Well, for starters this illustrious bunch have won – as managers – 9 European Champions Cups, 5 UEFA/Fairs Cups, 4 European Cup Winners’ Cups, 37 English championships, 14 FA Cups, 13 League Cups, 13 Scottish championships and 13 Scottish Cups, not to mention leading their nations at 4 separate World Cups and a European Championship. Numbers, such numbers. This vast haul tells quite the story, yet doesn’t give the full picture. What I find myself asking is why, rather than how? What was it about those two regions that once spawned the best managerial talent these islands have ever produced?

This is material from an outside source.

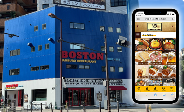 ボストンは大阪に7店舗を展開するハンバーグ専門店で、昭和27年に音楽喫茶として大阪阿倍野、昭和町に誕生しました。

All of the men mentioned were, in their own ways, winners. All were, again in their own ways, leaders and innovators. But where did their character, determination, attitude and philosophy come from? Was it simply learned from their experiences as players; indeed all of those accomplished managers tasted varying degrees of success as players first and no doubt absorbed the practices and methodology of their former teachers. However, the same could be said about hundreds, if not thousands of ex-pros who have swapped the pitch for the dugout and who did not achieve anything remotely close to this lot.

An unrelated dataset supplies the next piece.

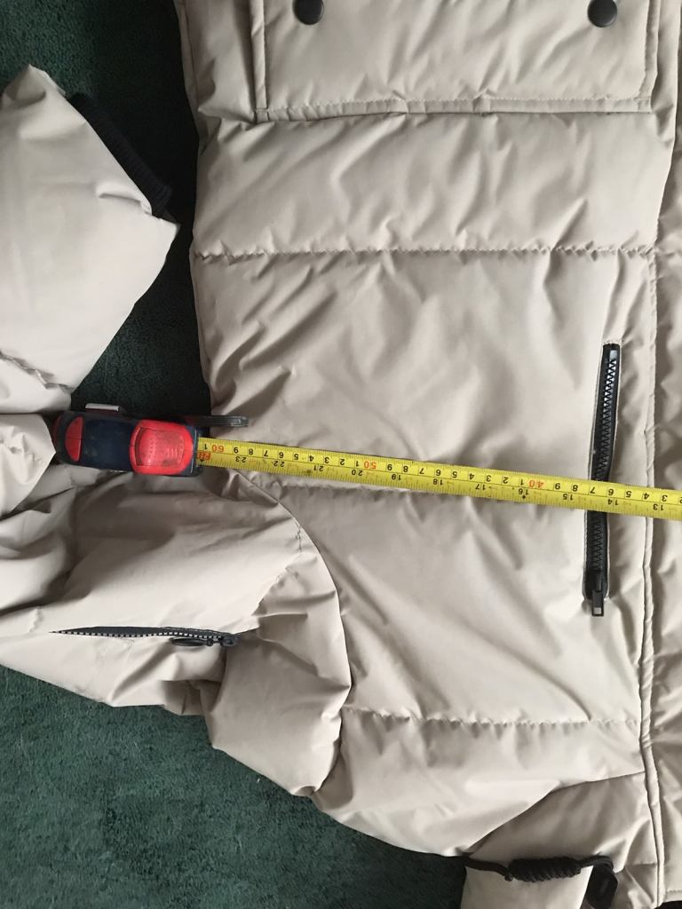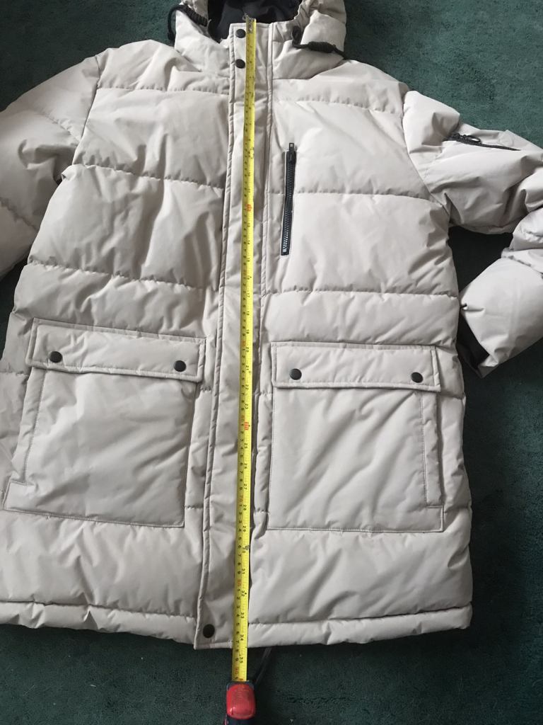 Winter coat man or a woman’s beige colour. Length 88cm from neck to bottom of coat width 60cm size large. Brand new never worn.

It’s my assertion that, as they did not inherit, at birth, the specific qualities and traits needed to stand out in the cutthroat world of football but must possess them in order to break into that sphere in the first place, then it must be their upbringing and the environment of their formative years that defined them. So, it is to the North East of England and Scotland that we must look for those ingredients that shaped the young men who would eventually become legends.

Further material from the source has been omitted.